Officials monitoring the spread of the disease report that several densely populated areas are experiencing a sharp increase in infections, with the Maharagama MOH division currently recording one of the highest case loads in the country. Rapid transmission has also been observed in parts of the Kalutara and Gampaha districts, prompting intensified surveillance and control efforts.

Public health experts have identified several districts, including Colombo District, Gampaha District, Matara District, Galle District, Kandy District, Ratnapura District and Kalutara District, as the areas most severely affected by the current wave of infections.

Specialists have acknowledged that extensive mosquito-control campaigns and awareness programmes are being carried out nationwide. However, they warn that these efforts are often undermined by the failure to remove stagnant water and other mosquito breeding sites from residential and commercial premises.

Residents have been urged to dedicate time to cleaning their surroundings and inspecting their properties for potential breeding grounds, particularly in light of recent weather conditions that can accelerate mosquito population growth.
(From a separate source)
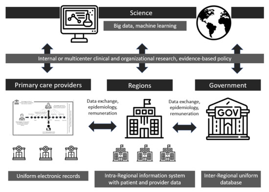 5-Levels model, integrated information systems, patient-database driven population health management adopted by the region of Lombardy, elaborated by the authors from [40] (p. 12).
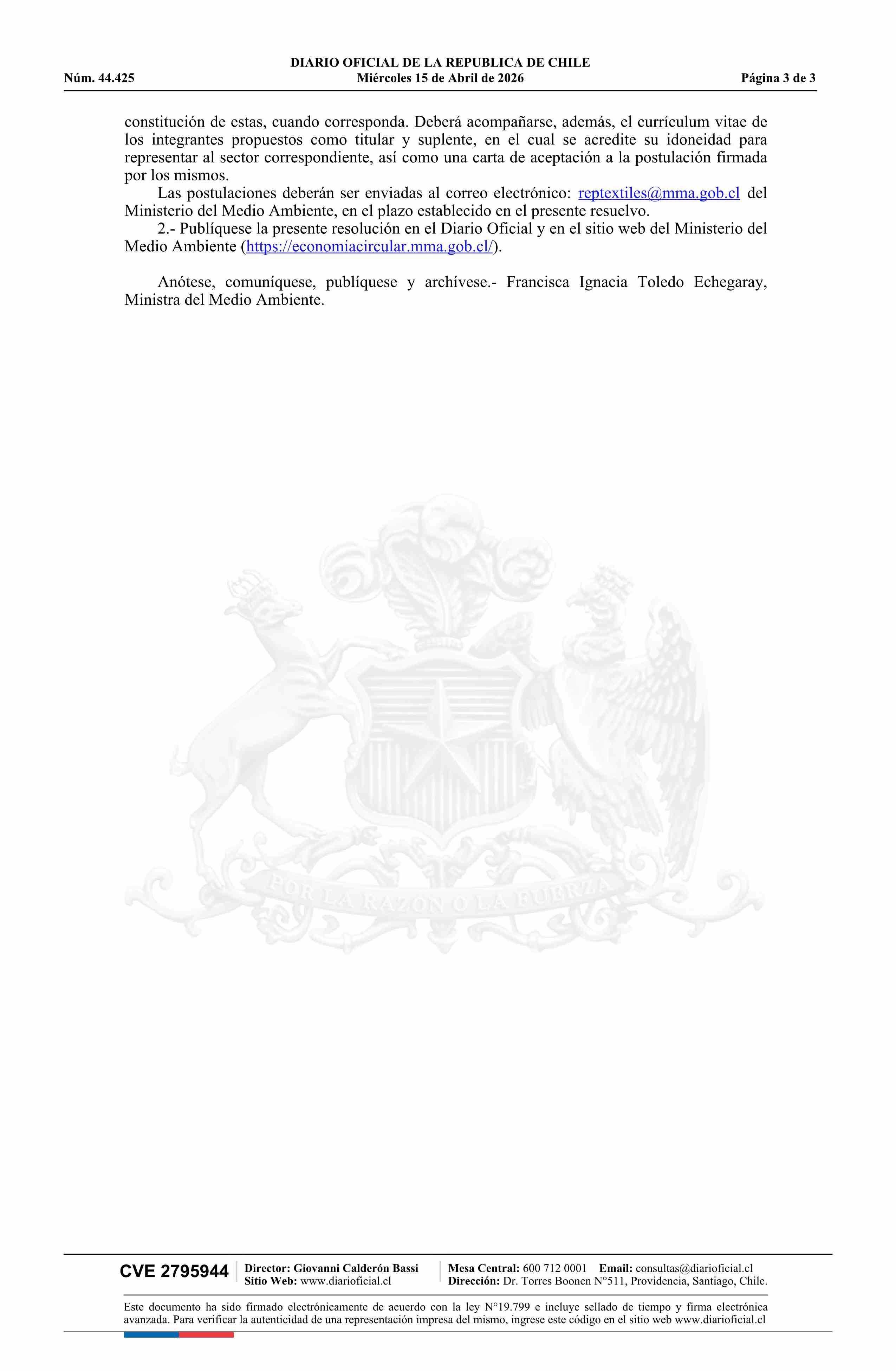 Fuente: Diario Oficial Edición Electrónica (Diario Oficial de Chile - 1 Normas Generales) Página(s): 13-15

Health officials caution that without greater public participation, the number of infections could rise significantly in the coming weeks.

The growing outbreak is also placing additional strain on the healthcare system. Several hospitals, particularly in heavily affected districts, are reportedly facing increasing pressure as dengue-related admissions continue to climb. Some wards have reached or are nearing full capacity, raising concerns about resource availability if case numbers continue to increase.

More than 45,000 dengue infections have been reported nationwide since the beginning of the year, marking a noticeable surge compared with previous periods. Although the latest island-wide dengue eradication campaign has officially concluded, Public Health Inspectors are expected to maintain inspections and enforcement activities in identified hotspots.

Authorities continue to emphasise that long-term control of dengue depends not only on government action but also on community responsibility. Households, businesses and institutions are being encouraged to take proactive measures to eliminate mosquito breeding sites and help curb the spread of the disease before the situation deteriorates further.